Start of EXTRACTED INFORMATION

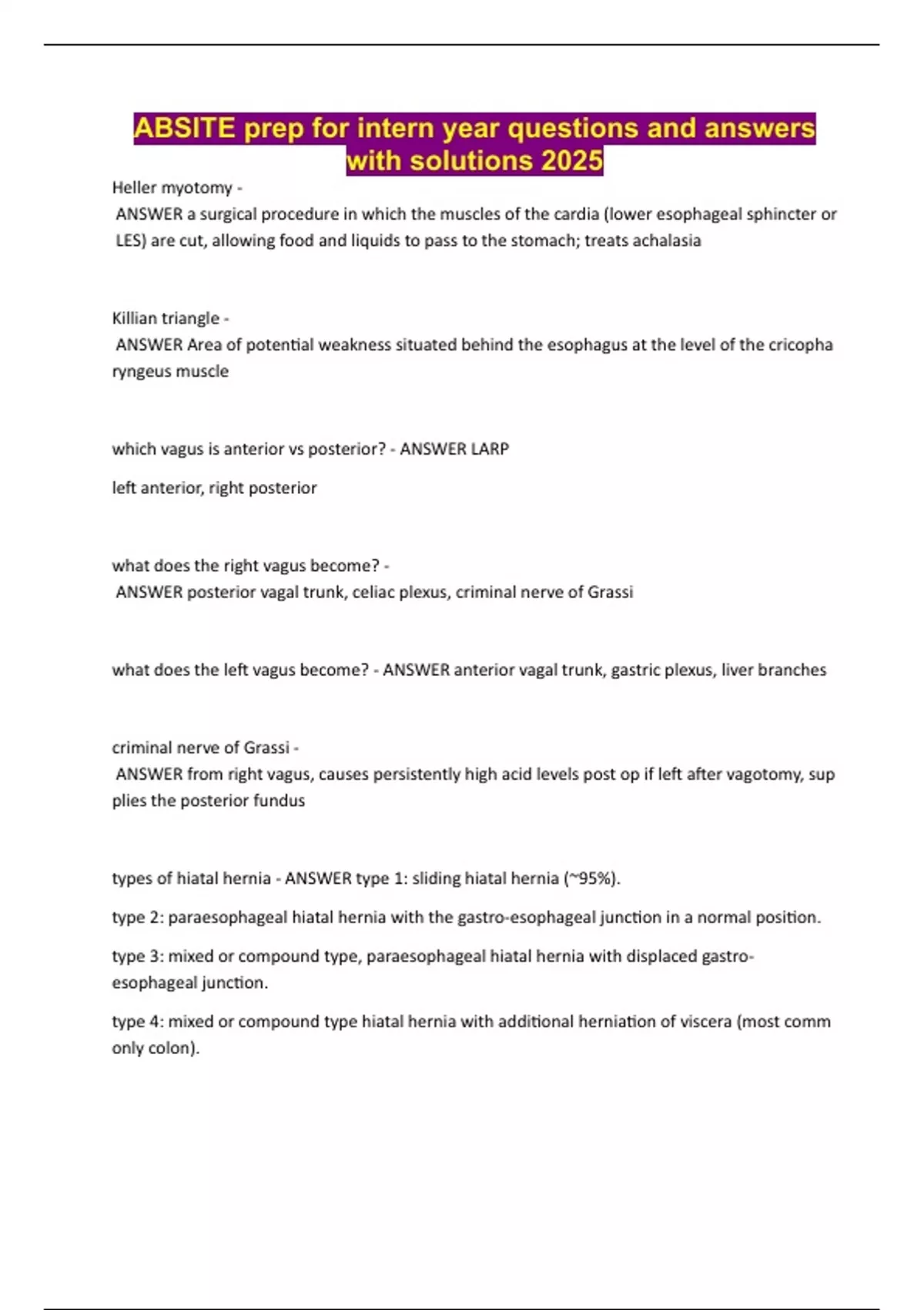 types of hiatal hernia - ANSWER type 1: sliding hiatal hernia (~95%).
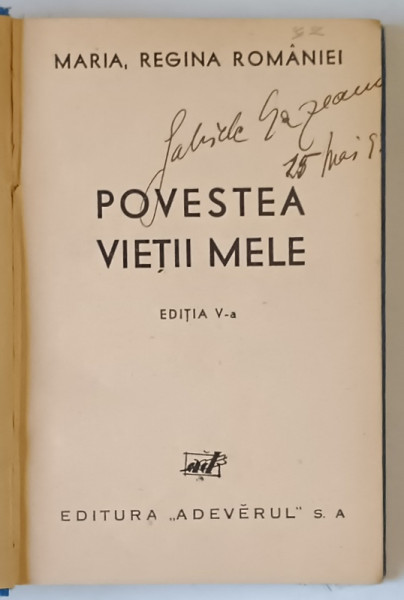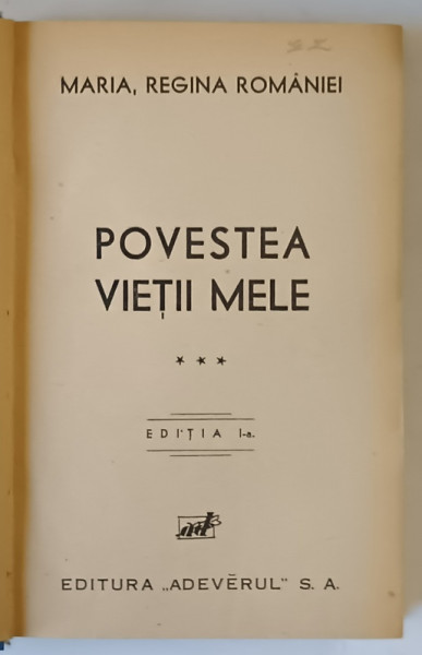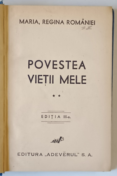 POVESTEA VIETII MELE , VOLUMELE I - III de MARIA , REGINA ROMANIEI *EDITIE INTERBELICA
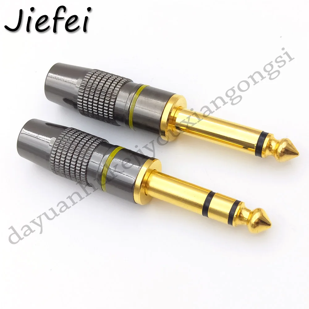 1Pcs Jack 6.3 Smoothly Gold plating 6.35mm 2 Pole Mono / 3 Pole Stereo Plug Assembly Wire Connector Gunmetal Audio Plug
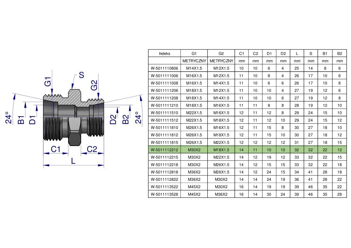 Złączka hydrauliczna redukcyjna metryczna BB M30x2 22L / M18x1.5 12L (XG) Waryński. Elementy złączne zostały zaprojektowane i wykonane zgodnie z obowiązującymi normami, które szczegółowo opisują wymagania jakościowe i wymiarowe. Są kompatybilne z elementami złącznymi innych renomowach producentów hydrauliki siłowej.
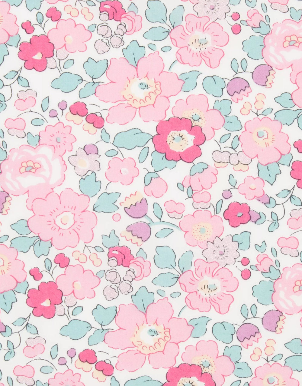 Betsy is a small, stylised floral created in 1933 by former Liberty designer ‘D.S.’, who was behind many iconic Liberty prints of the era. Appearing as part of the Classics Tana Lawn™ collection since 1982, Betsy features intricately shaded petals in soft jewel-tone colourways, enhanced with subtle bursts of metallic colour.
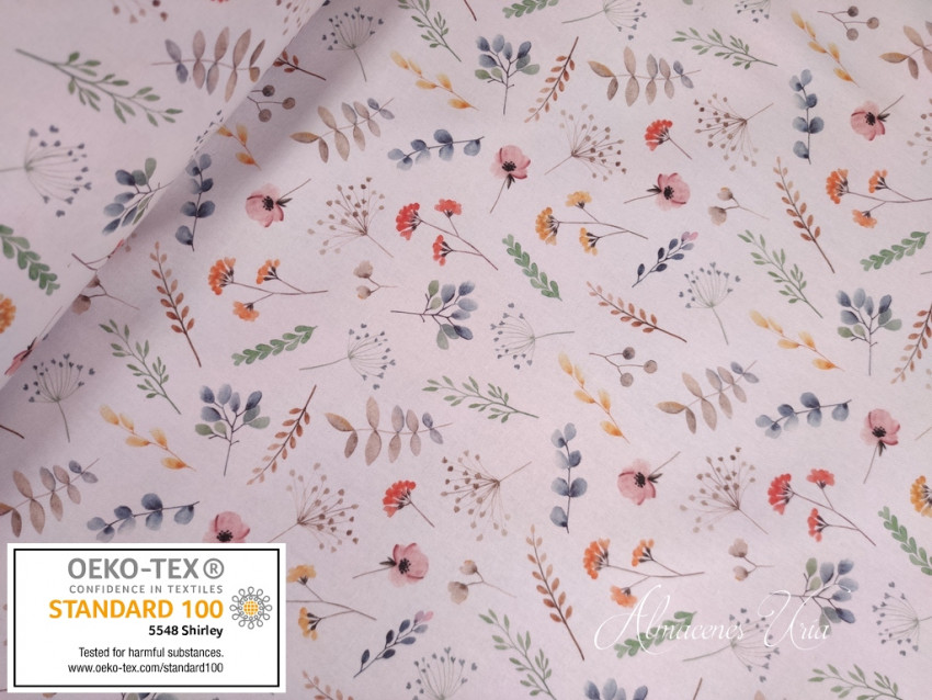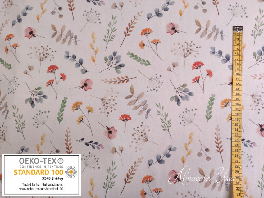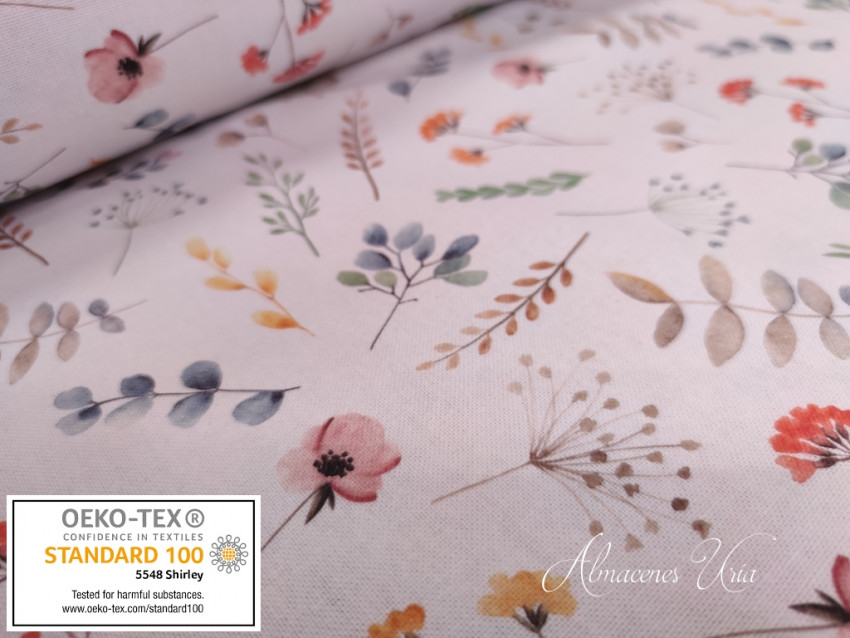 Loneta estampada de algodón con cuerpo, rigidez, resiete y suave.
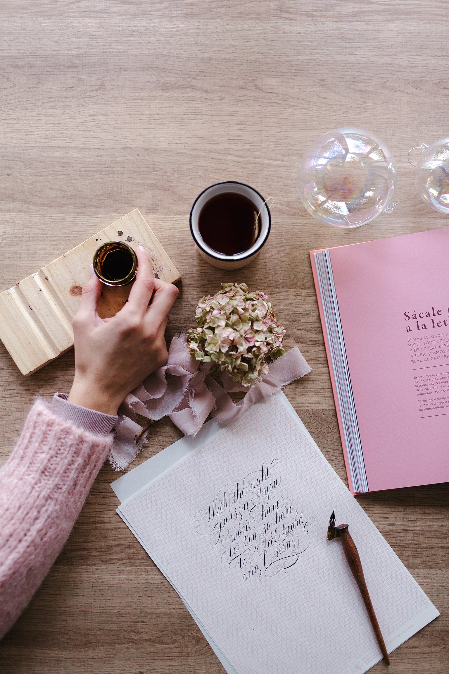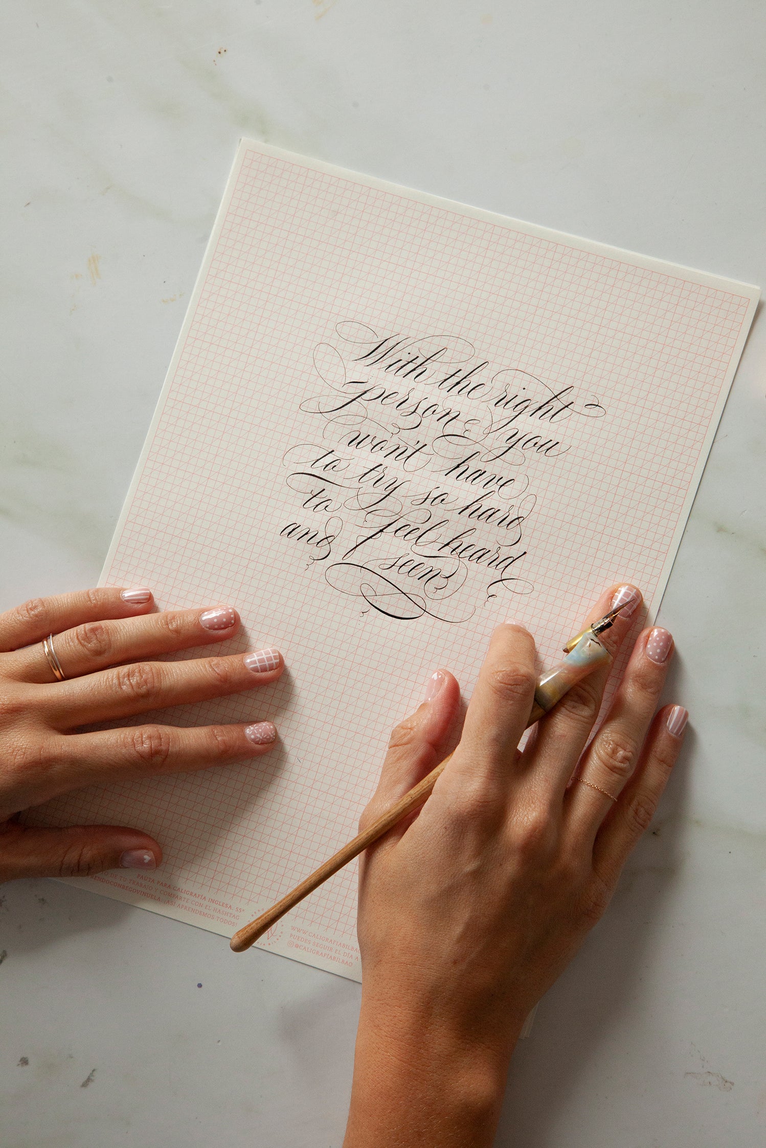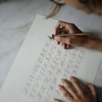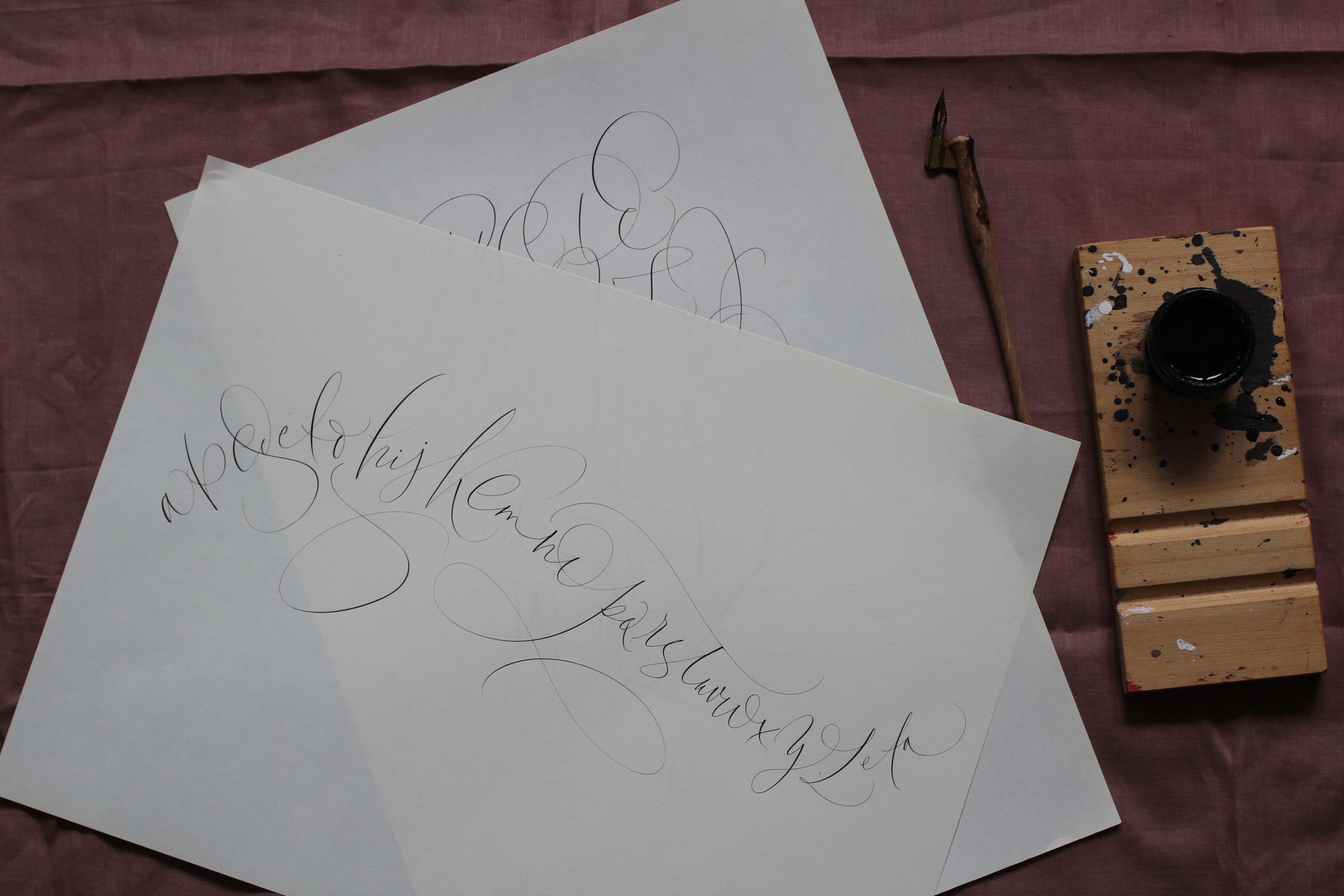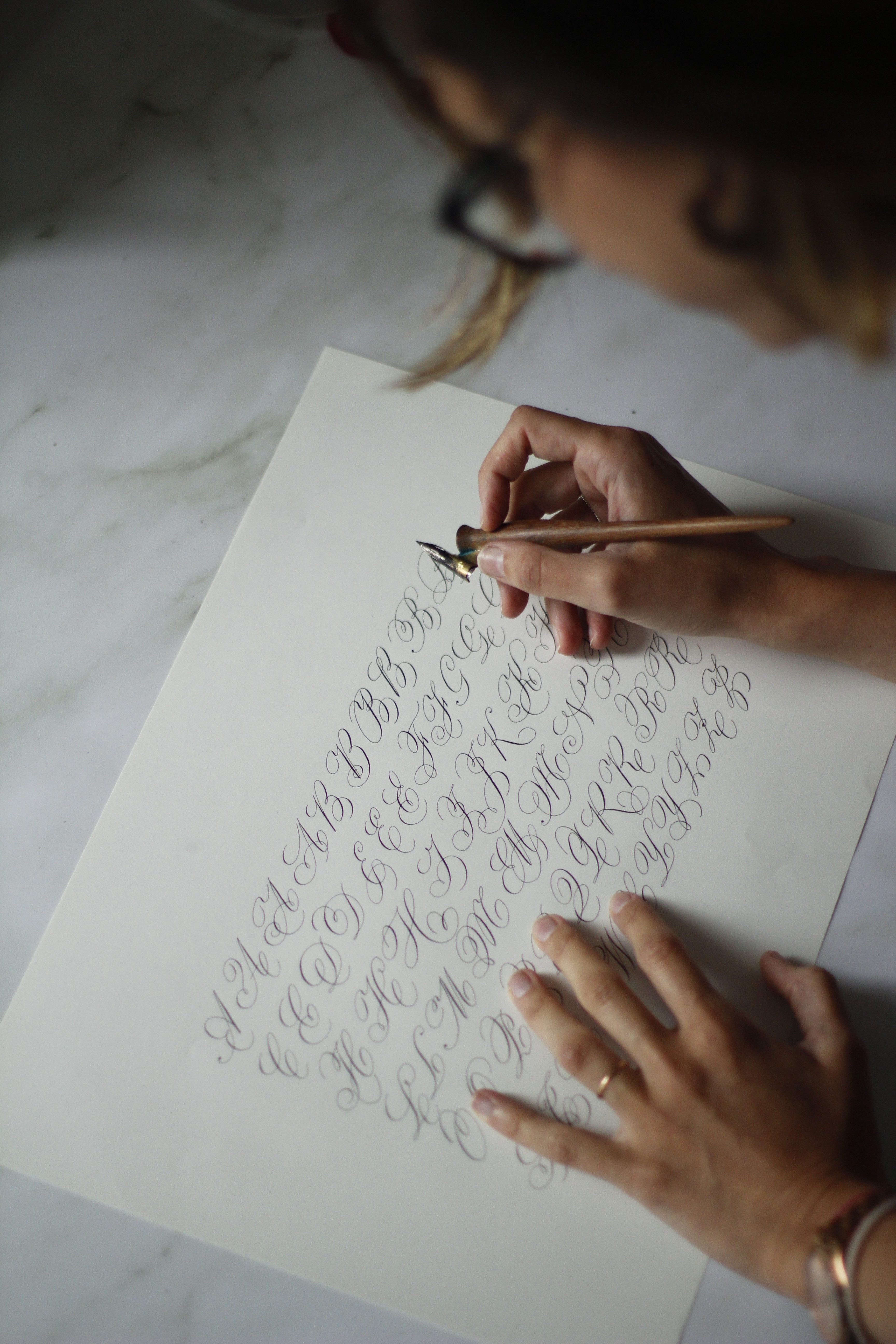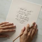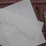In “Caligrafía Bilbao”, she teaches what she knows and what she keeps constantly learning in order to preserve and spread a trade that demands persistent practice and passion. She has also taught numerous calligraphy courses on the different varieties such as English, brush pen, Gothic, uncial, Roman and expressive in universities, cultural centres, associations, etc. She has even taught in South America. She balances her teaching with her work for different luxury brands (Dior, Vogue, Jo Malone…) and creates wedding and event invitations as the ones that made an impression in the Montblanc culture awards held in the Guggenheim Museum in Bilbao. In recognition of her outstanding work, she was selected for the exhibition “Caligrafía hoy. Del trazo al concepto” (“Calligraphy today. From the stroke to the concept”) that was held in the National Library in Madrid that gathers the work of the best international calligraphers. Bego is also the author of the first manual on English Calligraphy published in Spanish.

End of EXTRACTED INFORMATION

◆ **WHAT NEEDS TO BE DONE**:
Up to and including the line containing "Loneta estampada de", repeat every line from the start of the data, but none of the pictures.

◆ **OUTPUT OF THE TASK**:
 types of hiatal hernia - ANSWER type 1: sliding hiatal hernia (~95%).
 POVESTEA VIETII MELE , VOLUMELE I - III de MARIA , REGINA ROMANIEI *EDITIE INTERBELICA
 1Pcs Jack 6.3 Smoothly Gold plating 6.35mm 2 Pole Mono / 3 Pole Stereo Plug Assembly Wire Connector Gunmetal Audio Plug
 Złączka hydrauliczna redukcyjna metryczna BB M30x2 22L / M18x1.5 12L (XG) Waryński. Elementy złączne zostały zaprojektowane i wykonane zgodnie z obowiązującymi normami, które szczegółowo opisują wymagania jakościowe i wymiarowe. Są kompatybilne z elementami złącznymi innych renomowach producentów hydrauliki siłowej.
 Betsy is a small, stylised floral created in 1933 by former Liberty designer ‘D.S.’, who was behind many iconic Liberty prints of the era. Appearing as part of the Classics Tana Lawn™ collection since 1982, Betsy features intricately shaded petals in soft jewel-tone colourways, enhanced with subtle bursts of metallic colour.
 Loneta estampada de algodón con cuerpo, rigidez, resiete y suave.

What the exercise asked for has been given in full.